Penatalaksanaan rinitis
alergi
Terapi yang paling ideal adalah
dengan alergen penyebabnya (avoidance) dan eliminasi.
Simptomatis
- Medikamentosa-Antihistamin yang dipakai adalah antagonis H-1, yang bekerja secara inhibitor komppetitif pada reseptor H-1 sel target, dan merupakan preparat farmakologik yang paling sering dipakai sebagai inti pertama pengobatan rinitis alergi. Pemberian dapat dalam kombinasi atau tanpa kombinasi dengan dekongestan secara peroral. Antihistamin dibagi dalam 2 golongan yaitu golongan antihistamin generasi-1 (klasik) dan generasi -2 (non sedatif). Antihistamin generasi-1 bersifat lipofilik, sehingga dapat menembus sawar darah otak (mempunyai efek pada SSP) dan plasenta serta mempunyai efek kolinergik. Preparat simpatomimetik golongan agonis adrenergik alfa dipakai dekongestan hidung oral dengan atau tanpa kombinasi dengan antihistamin atau tropikal. Namun pemakaian secara tropikal hanya boleh untuk beberapa hari saja untuk menghindari terjadinya rinitis medikamentosa. Preparat kortikosteroid dipilih bila gejala trauma sumbatan hidung akibat respons fase lambat berhasil diatasi dengan obat lain. Yang sering dipakai adalah kortikosteroid tropikal (beklometosa, budesonid, flusolid, flutikason, mometasonfuroat dan triamsinolon).
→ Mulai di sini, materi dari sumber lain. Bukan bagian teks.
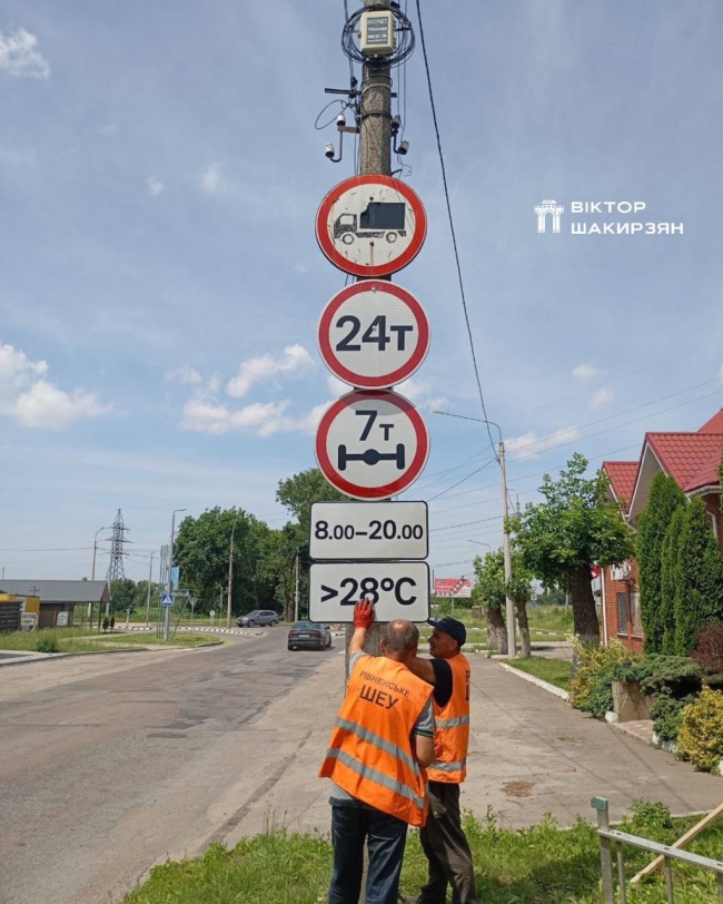 – Якщо температура повітря становить +28 градусів, то з 08:00 до 20:00 в’їзд у Рівне вантажівкам заборонено, аби не шкодилося асфальтобетонне покриття. У цей часовий проміжок водії можуть зачекати у спеціальних місцях відстою великовагового транспорту.

Preparat antikolinergik topikal adalah ipratropium bromida, bermanfaat untuk mengatasi rinore, karena aktifitas inhibisi reseptor kolinergik permukaan sel efektor (Mulyarjo, 2006).
- Operatif - Tindakan konkotomi (pemotongan konka inferior) perlu dipikirkan bila konka inferior hipertrofi berat dan tidak berhasil dikecilkan dengan cara kauterisasi memakai AgNO3 25 % atau troklor asetat (Roland, McCluggage, Sciinneider, 2001).
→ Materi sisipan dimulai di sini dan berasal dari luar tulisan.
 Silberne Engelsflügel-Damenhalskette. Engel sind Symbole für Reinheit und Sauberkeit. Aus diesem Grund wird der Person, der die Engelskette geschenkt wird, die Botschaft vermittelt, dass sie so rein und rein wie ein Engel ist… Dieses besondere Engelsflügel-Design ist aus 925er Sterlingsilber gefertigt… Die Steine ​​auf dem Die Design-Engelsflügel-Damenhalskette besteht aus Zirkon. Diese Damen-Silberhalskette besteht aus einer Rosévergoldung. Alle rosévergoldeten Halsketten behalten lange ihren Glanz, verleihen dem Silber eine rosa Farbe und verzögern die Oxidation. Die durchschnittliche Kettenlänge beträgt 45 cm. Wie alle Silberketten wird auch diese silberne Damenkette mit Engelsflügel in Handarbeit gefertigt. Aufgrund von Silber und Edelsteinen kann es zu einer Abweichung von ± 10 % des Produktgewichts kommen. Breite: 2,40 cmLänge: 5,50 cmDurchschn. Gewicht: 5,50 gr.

- Imunoterapi - Jenisnya desensitasi, hiposensitasi & netralisasi. Desensitasi dan hiposensitasi membentuk blocking antibody. Keduanya untuk alergi inhalan yang gejalanya berat, berlangsung lama dan hasil pengobatan lain belum memuaskan (Mulyarjo, 2006).
Komplikasi rinitis alergi
Komplikasi
rinitis alergi yang sering ialah:
- Polip hidung yang memiliki tanda patognomonis: inspisited mucous glands, akumulasi sel-sel inflamasi yang luar biasa banyaknya (lebih eosinofil dan limfosit T CD4+), hiperplasia epitel, hiperplasia goblet, dan metaplasia skuamosa.
- Otitis media yang sering residif, terutama pada anak-anak.
- Sinusitis paranasal merupakan inflamasi mukosa satu atau lebih sinus para nasal. Terjadi akibat edema ostia sinus oleh proses alergis dalam mukosa yang menyebabkan sumbatan ostia sehingga terjadi penurunan oksigenasi dan tekanan udara rongga sinus. Hal tersebut akan menyuburkan pertumbuhan bakteri terutama bakteri anaerob dan akan menyebabkan rusaknya fungsi barier epitel antara lain akibat dekstruksi mukosa oleh mediator protein basa yang dilepas sel eosinofil (MBP) dengan akibat sinusitis akan semakin parah (Durham, 2006).